Du Ruhui stroked his beard.

"Our foreign management lacked precedent. There were bound to be gaps."

Fang nodded.

"Then for problems unseen by earlier dynasties… policy must be doubly cautious."

"And decrees," Fang added, "must leave room for correction."

Yet Fang himself was shaken.

"The Song suffered turmoil and indemnities… yet endured for centuries."

"Was it really maritime trade profits?"

He almost said "considerable profit," but stopped.

Enough to sustain a nation—

Only windfall profits fit.

The repeated tightening of maritime bans under Song, Yuan, and Ming didn't surprise them.

After learning of Champa rice and recalling the chaos of the Wei–Jin period, both men realized:

The north–south economic divide would only grow.

The north faced foreign invasions and internal wars.

The Central Plains were battered again and again.

The south had fast-maturing rice and maritime wealth.

No external enemies. No internal chaos.

Inequality breeds resentment.

They sighed together.

The broader their vision grew, the heavier their worries became.

Li Shimin, however, just curled his lips.

"If the Ming had possessed an invincible navy…"

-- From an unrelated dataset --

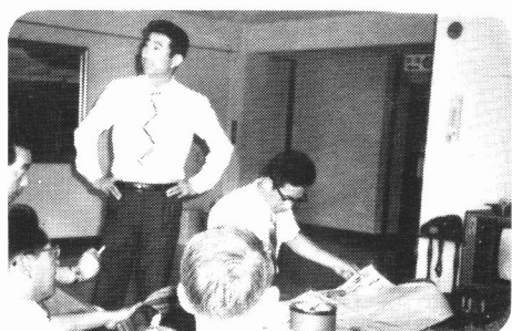
久しぶりにお昼のテレビを見たね。 〈昼食後のひと時 宿舍ロビー〉
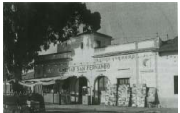
Cine San Fernando.

"Would maritime merchants dare talk back?"

Strip it down, and it was the same logic as suppressing powerful clans.

Strong army? Everyone pays taxes obediently.

Weak army? Everyone becomes a lawless tyrant.

Wei Zheng stared at the Qing's defeat, baffled.

"Sea power… can truly be this sharp? Twenty thousand against eight hundred thousand?"

The generals were unfazed.

Li Shiji explained:

"Eight hundred thousand sounds terrifying, but they could never be concentrated."

"Meanwhile, those English ships could strike Guangzhou today, enter the Yellow River tomorrow, and appear at Quanzhou the next."

"Using wind and sail, striking when strong and retreating when weak."

"How could they lose?"

Wei Zheng fell silent.

In Chengdu Prefecture, Zhang Fei struggled to imagine it.

"Maritime trade… can it really be that wealthy?"

Zhuge Liang smiled.

"Yide, have you forgotten how the Parthian Empire rose?"

Zhang Fei blinked.

"…Control the Silk Road."

Zhuge Liang nodded.

"If one road can sustain a vast empire, why couldn't maritime trade sustain a nation?"

Inwardly, he listed advantages one by one:

Ships carry more than horses or camels

No layered exploitation like the Western Regions

With favorable winds, far faster than land travel

The only issue was piracy—but even accounting for that, profits far exceeded land routes.

Zhuge Liang couldn't help sighing.

If only Jiaozhou were fully accessible…

After retaking Hanzhong, they could seize Jiaozhou, build ships, open trade—

Cao Cao would be crushed with one hand.

But reality was cruel.

Ports were hard to obtain.

Sighing inwardly, his hands never stopped.

With charcoal and ruler, he copied the galleon diagram from the light screen—

While instructing Pang Tong and Liu Ba to memorize the image for later correction.

He even answered Liu Bei mid-stroke:

"Should maritime prohibition be implemented?"

The charcoal curved smoothly.

"What is maritime prohibition?" Zhuge Liang replied calmly.

"My lord, you are the one confused."

"Merchants lack sextants. Without coastal sailing, they risk losing their way."

"The sea has chokepoints aplenty."

"Land has border passes."

"The sea should have customs stations."